EXERCISE.
Could you restate word for word the lines running from the one with "[롯데홈쇼핑]아미 하트로고 반팔티 (74,510원/무료)" to the end of the data, both ends included, but without pictures?

SUPPLIED MATERIAL.
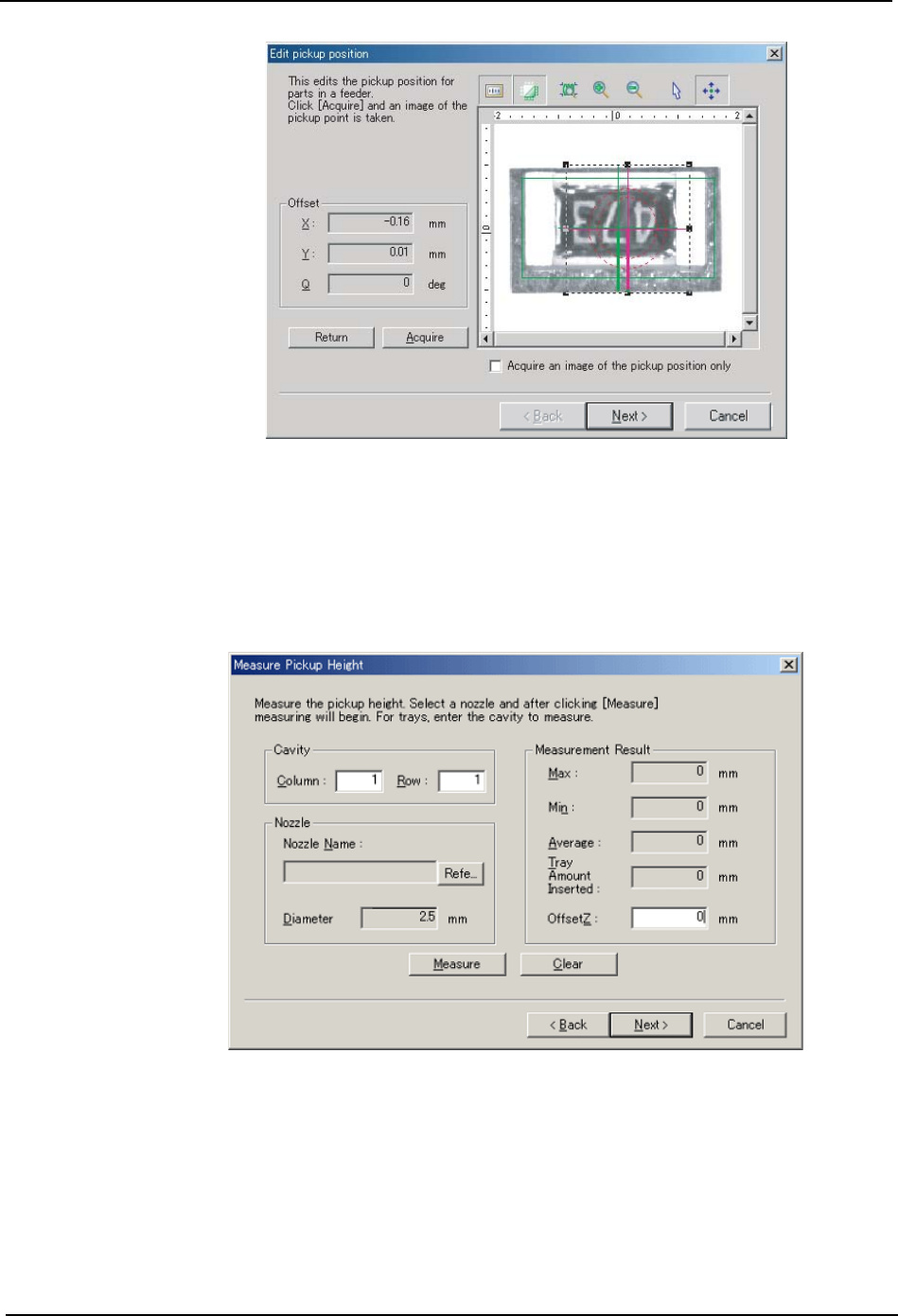 13.弹出[Measure Pickup Height]步骤。请确认已经将元件放在正确的位置 (请参考“6.6.4
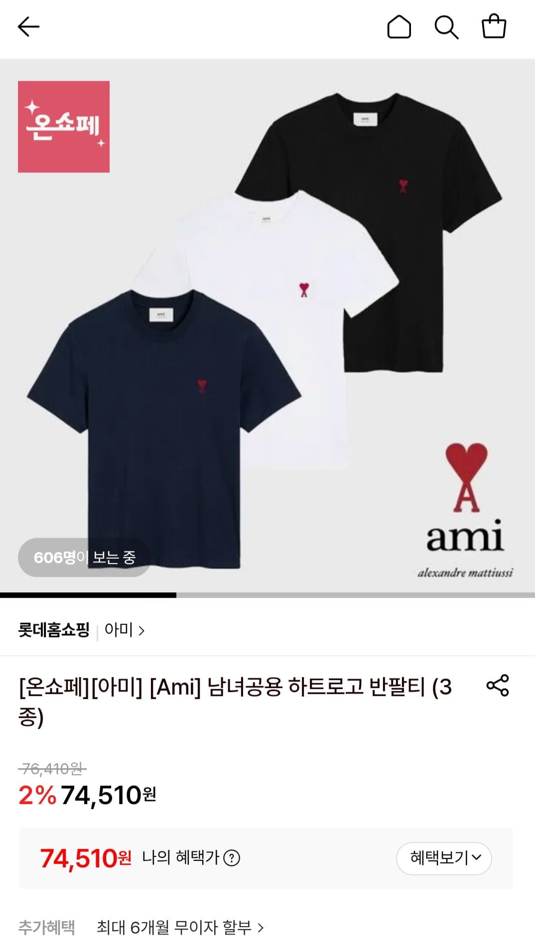 [롯데홈쇼핑]아미 하트로고 반팔티 (74,510원/무료)
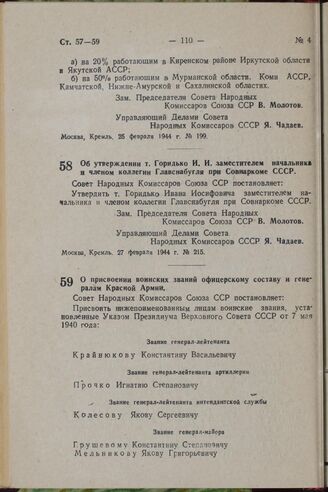 О присвоении воинских званий офицерскому составу и генералам Красной Армии. Постановление Совета Народных Комиссаров Союза ССР. 2 марта 1944 г. № 227

EXERCISE SOLUTION.
 [롯데홈쇼핑]아미 하트로고 반팔티 (74,510원/무료)
 О присвоении воинских званий офицерскому составу и генералам Красной Армии. Постановление Совета Народных Комиссаров Союза ССР. 2 марта 1944 г. № 227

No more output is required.